─── Data under study ───

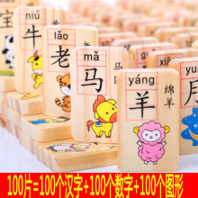 200粒汉字数字多米诺骨牌3-6岁宝宝早教识字木制积木儿童益智玩具
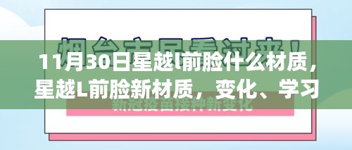 在生活的舞台上,我们每个人都是自己命运的导演,我们将目光投向一款名为星越L的车型,特别是其前脸的新材质,它不仅代表着科技与设计的融合,更象征着变化、学习与自信的力量,当我们谈论到“11月30日星越L前脸什么材质”时,其实质背后蕴含着一种励志精神,激励我们不断前行,拥抱变化,用学习铸就自信与成就。
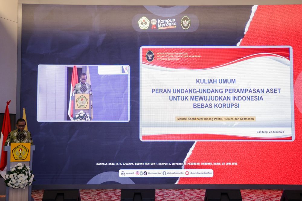 Hal tersebut disampaikan pada Kuliah Umum “Peran UU Perampasan Aset untuk Mewujudkan Indonesia Bebas Korupsi” di Universitas Pasundan, Kamis (22/6/2023).
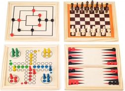 Ez az univerzális, 4 az 1-ben fa készlet klasszikus stratégiai és családi játékokat kínál egy elegáns csomagban. A masszív természetes fa és a precízen készített elemek hosszú órákon át tartó játékélményt biztosítanak, miközben fejlesztik a logikus gondolkodást, a koncentrációt és a fair play szemléletét.
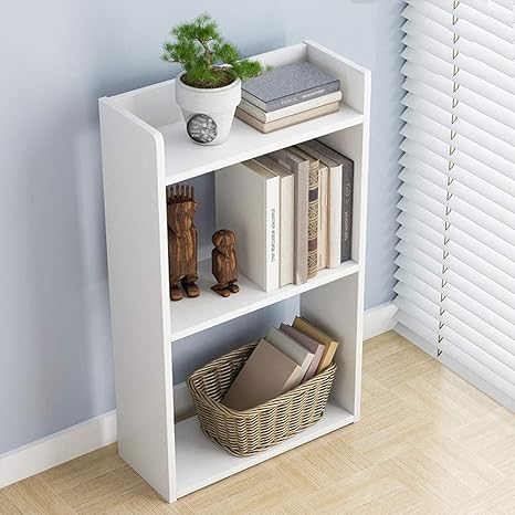 Xatos Small Bookshelf 3 Tier Simple Floor Bedroom Shelf White
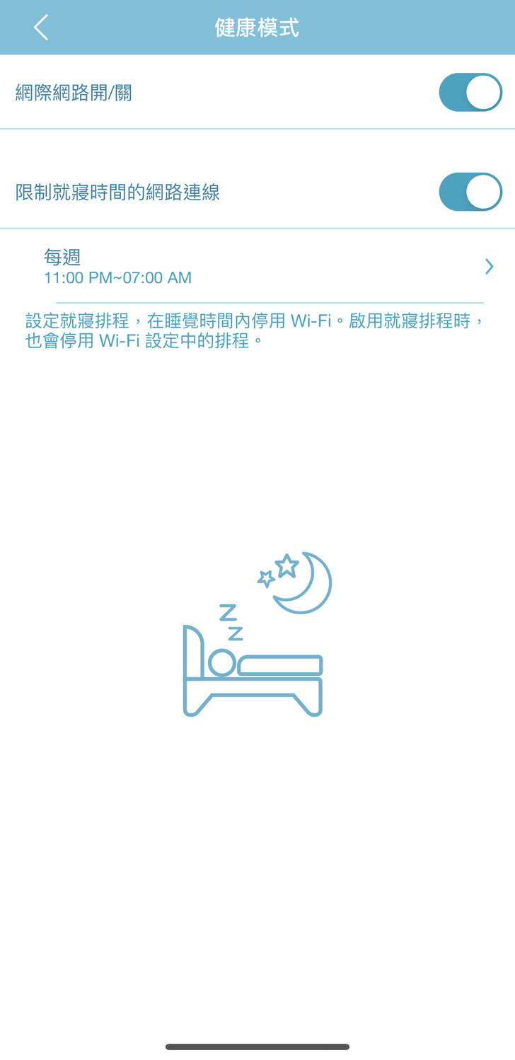 ▼健康模式下可管理將就寢時間的網路中斷 養成睡前不過度上網的好習慣
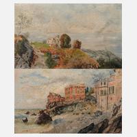 zwei jeweils an Steinufern befindliche südländische Küstenszenen mit Künstlerhäusern, Öl auf Leinwand, undatiert 1. Hälfte 20. Jh., unten rechts signiert ”Ch. Widmann”, reinigungsbedürftig, Erhaltungsmängel, in Goldstuckrahmen (Erhaltungsmängel), Falzmaß ca. 30,5 x 50 cm.
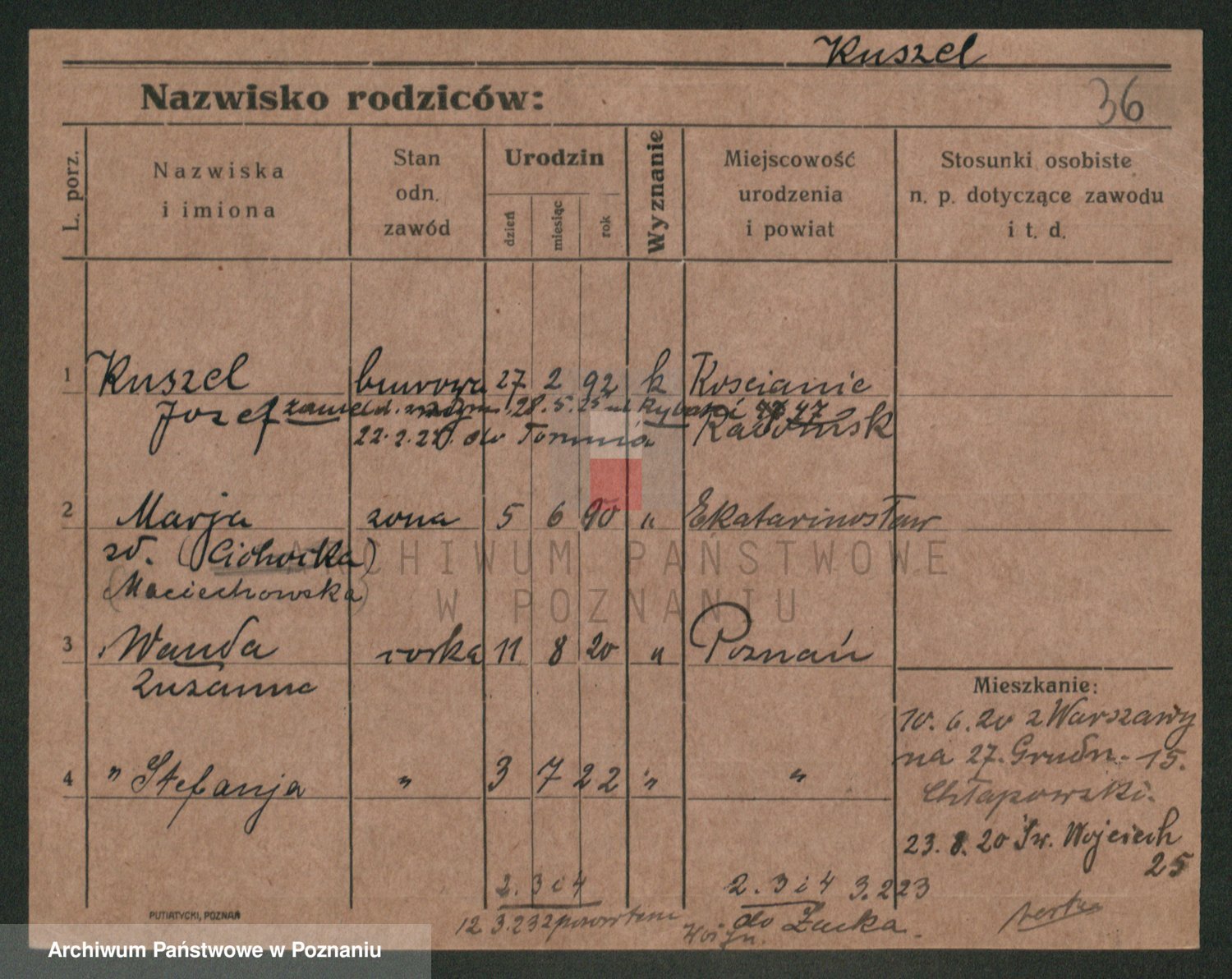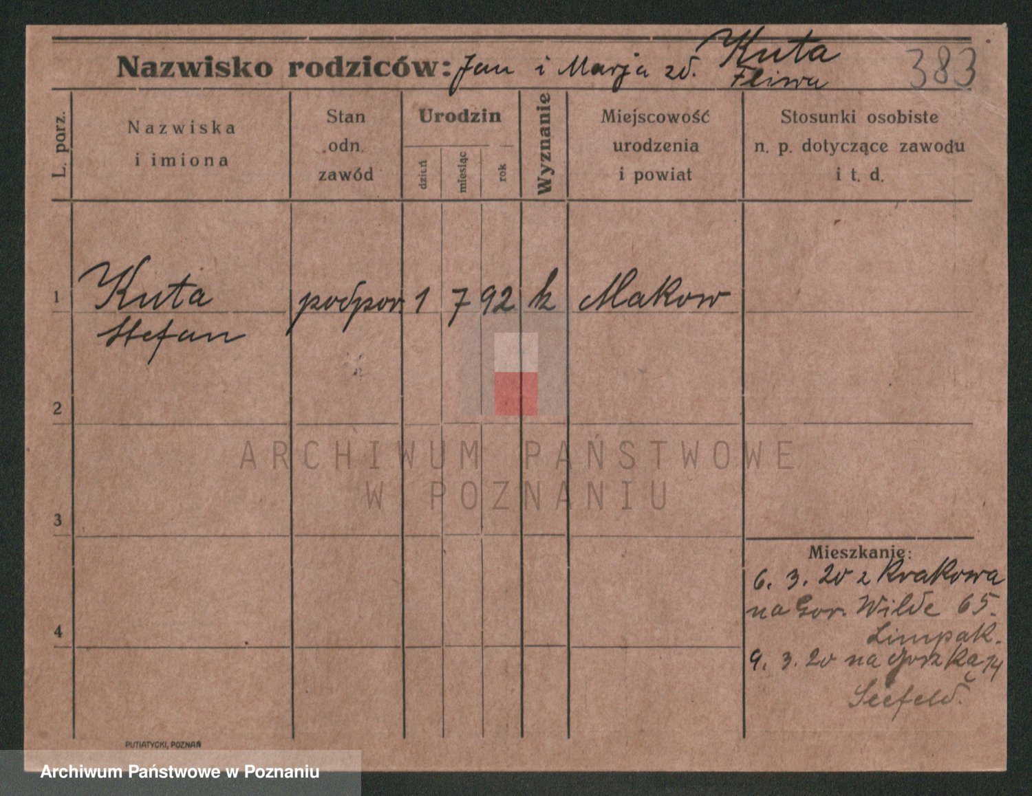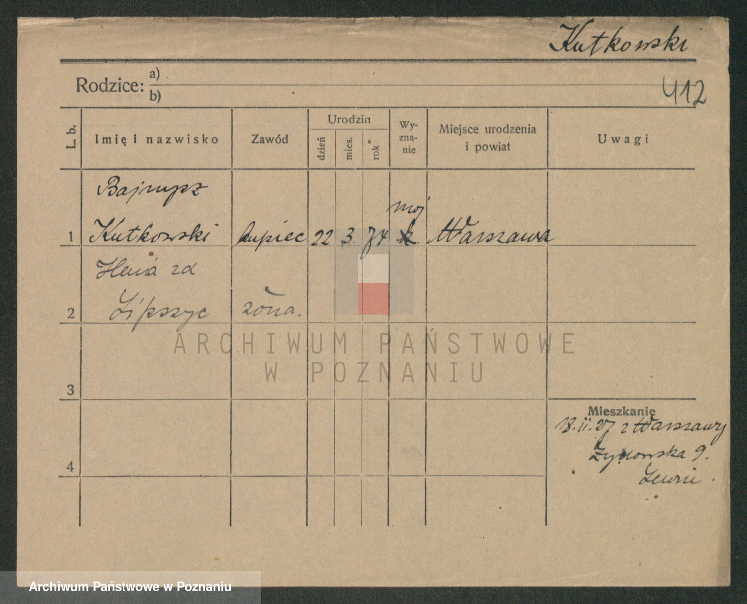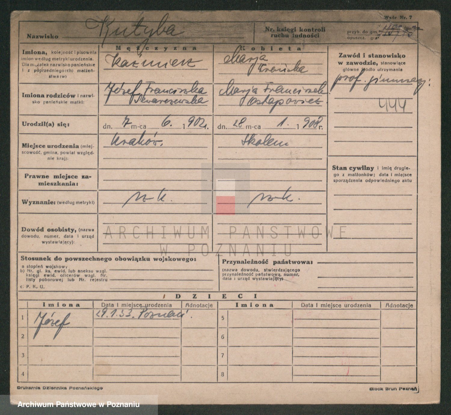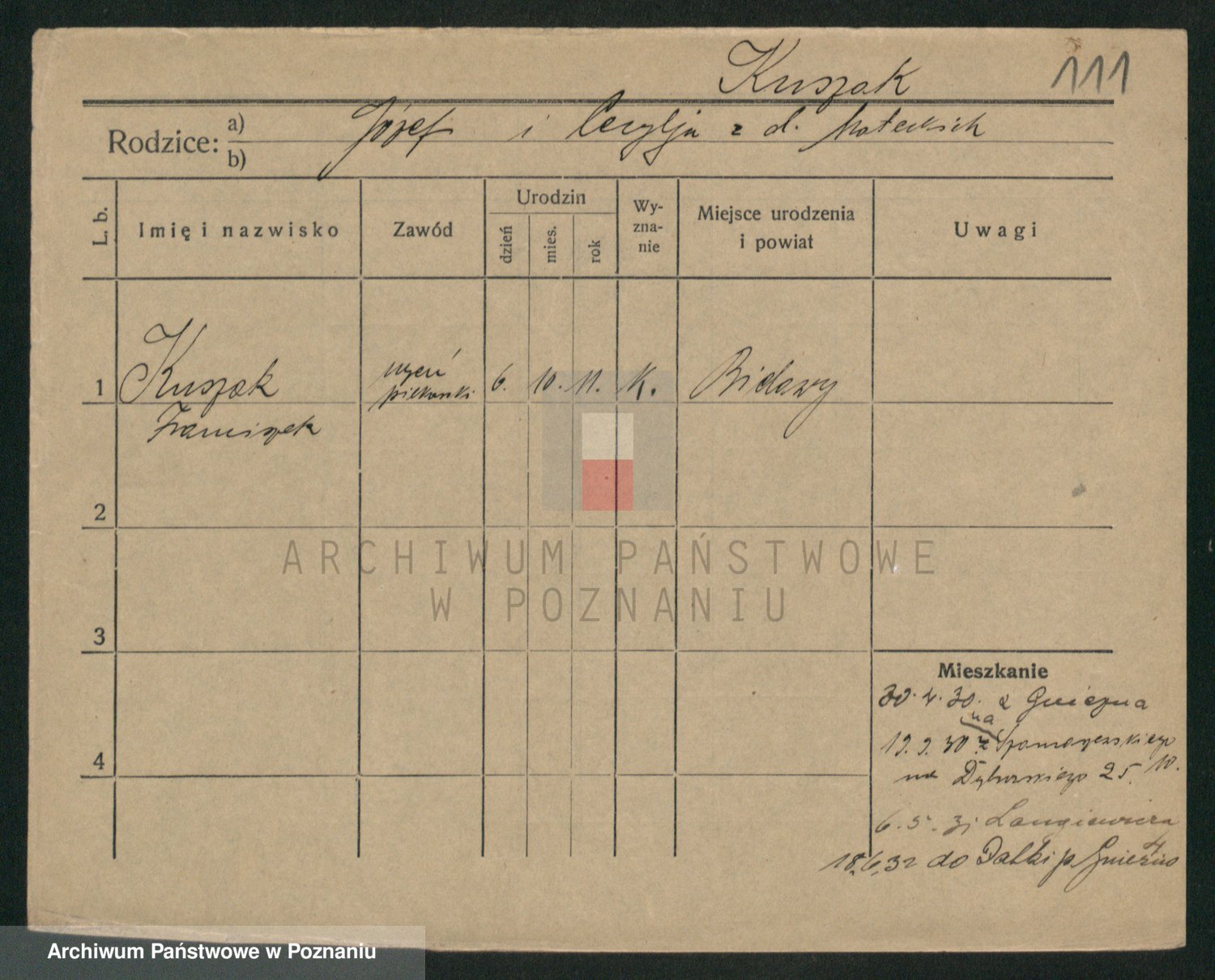 Podgląd karty osobowej dostępny jest po kliknięciu na nazwisko lub ikonkę karty. Można dokonywać powiększenia (ikony na górze) lub przechodzić między kolejnymi skanami (strzałki po bokach).

───

## [The task]
Everything in the entries above should be returned exactly, apart from the pictures.

## [Answer section]
 200粒汉字数字多米诺骨牌3-6岁宝宝早教识字木制积木儿童益智玩具
 在生活的舞台上,我们每个人都是自己命运的导演,我们将目光投向一款名为星越L的车型,特别是其前脸的新材质,它不仅代表着科技与设计的融合,更象征着变化、学习与自信的力量,当我们谈论到“11月30日星越L前脸什么材质”时,其实质背后蕴含着一种励志精神,激励我们不断前行,拥抱变化,用学习铸就自信与成就。
 Hal tersebut disampaikan pada Kuliah Umum “Peran UU Perampasan Aset untuk Mewujudkan Indonesia Bebas Korupsi” di Universitas Pasundan, Kamis (22/6/2023).
 Ez az univerzális, 4 az 1-ben fa készlet klasszikus stratégiai és családi játékokat kínál egy elegáns csomagban. A masszív természetes fa és a precízen készített elemek hosszú órákon át tartó játékélményt biztosítanak, miközben fejlesztik a logikus gondolkodást, a koncentrációt és a fair play szemléletét.
 Xatos Small Bookshelf 3 Tier Simple Floor Bedroom Shelf White
 ▼健康模式下可管理將就寢時間的網路中斷 養成睡前不過度上網的好習慣
 zwei jeweils an Steinufern befindliche südländische Küstenszenen mit Künstlerhäusern, Öl auf Leinwand, undatiert 1. Hälfte 20. Jh., unten rechts signiert ”Ch. Widmann”, reinigungsbedürftig, Erhaltungsmängel, in Goldstuckrahmen (Erhaltungsmängel), Falzmaß ca. 30,5 x 50 cm.
 Podgląd karty osobowej dostępny jest po kliknięciu na nazwisko lub ikonkę karty. Można dokonywać powiększenia (ikony na górze) lub przechodzić między kolejnymi skanami (strzałki po bokach).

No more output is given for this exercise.